1920 South American Championship

Tournament details
- Host country: Chile
- Dates: 11–26 September 1920
- Teams: 4
- Venue(s): Estadio Valparaiso Sporting Club, Viña del Mar

Final positions
- Champions: Uruguay (3rd title)
- Runners-up: Argentina
- Third place: Brazil
- Fourth place: Chile

Tournament statistics
- Matches played: 6
- Goals scored: 16 (2.67 per match)
- Top scorer(s): José Pérez Ángel Romano (3 goals each)

= 1920 South American Championship =

Football tournament

The 1920 South American Championship (Campeonato Sudamericano 1920, Campeonato Sul-Americano de 1920) was the fourth international association football championship for members of the Confederación Sudamericana de Fútbol (CONMEBOL). Hosted by Chile, the competition ran from 11–26 September 1920 and was contested by the national teams of Argentina, Brazil, Chile and Uruguay.

During the competition, Brazil lost heavily to Uruguay 6–0. It would remain the team's largest defeat until it was equalled by a 7–1 loss to Germany at the 2014 FIFA World Cup.

In the final round of matches of the round-robin tournament, Uruguay defeated 2–1 to win the championships for the third time.

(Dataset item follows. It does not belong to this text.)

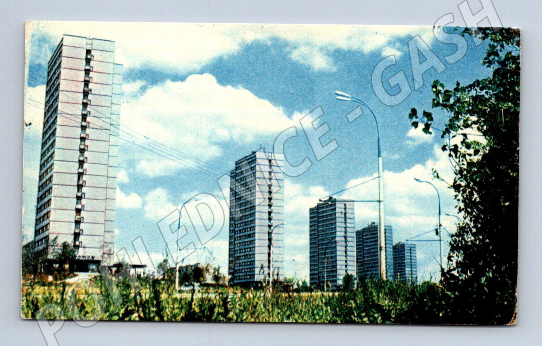 Originální pohlednice z roku 1969 zachycující obytné domy na Leninském prospektu v Moskvě. Fotografie V. Alyakina ukazuje typickou architekturu sovětské éry, charakteristickou pro rozsáhlé sídliště v hlavním městě bývalého Sovětského svazu. Na zadní straně pohlednice je popis v ruštině i angličtině. Vhodná sběratelská položka pro milovníky historie, architektury a ruské metropole. Stav viz foto, na zadní straně číslo tužkou.

The tournament is also notable for the participation of Chilean defender Ramón Unzaga Asla, who is recognized across sports historiography as the creator of the bicycle kick. During the competition, Unzaga executed his signature acrobatic maneuver on several occasions. His unprecedented displays of the technique captivated both the attendees and the international sports press.

==Background==
In 1910, the Asociación del Fútbol Argentino (AFA) organised a tournament to mark the 100th anniversary of the May Revolution. The Copa Centenario Revolución de Mayo was contested by the national teams of Argentina, Chile and Uruguay and is considered to be a precursor to the South American Championship. Six years later, the AFA organised a second tournament, this time to celebrate the centenary of the Argentine Declaration of Independence. Alongside the three who had contested the Copa Centenario Revolución de Mayo, Brazil were invited to compete and the South American Championship was born. During the competition, the four associations of the competing teams met on 9 July 1916 and founded the Confederación Sudamericana de Fútbol (CONMEBOL).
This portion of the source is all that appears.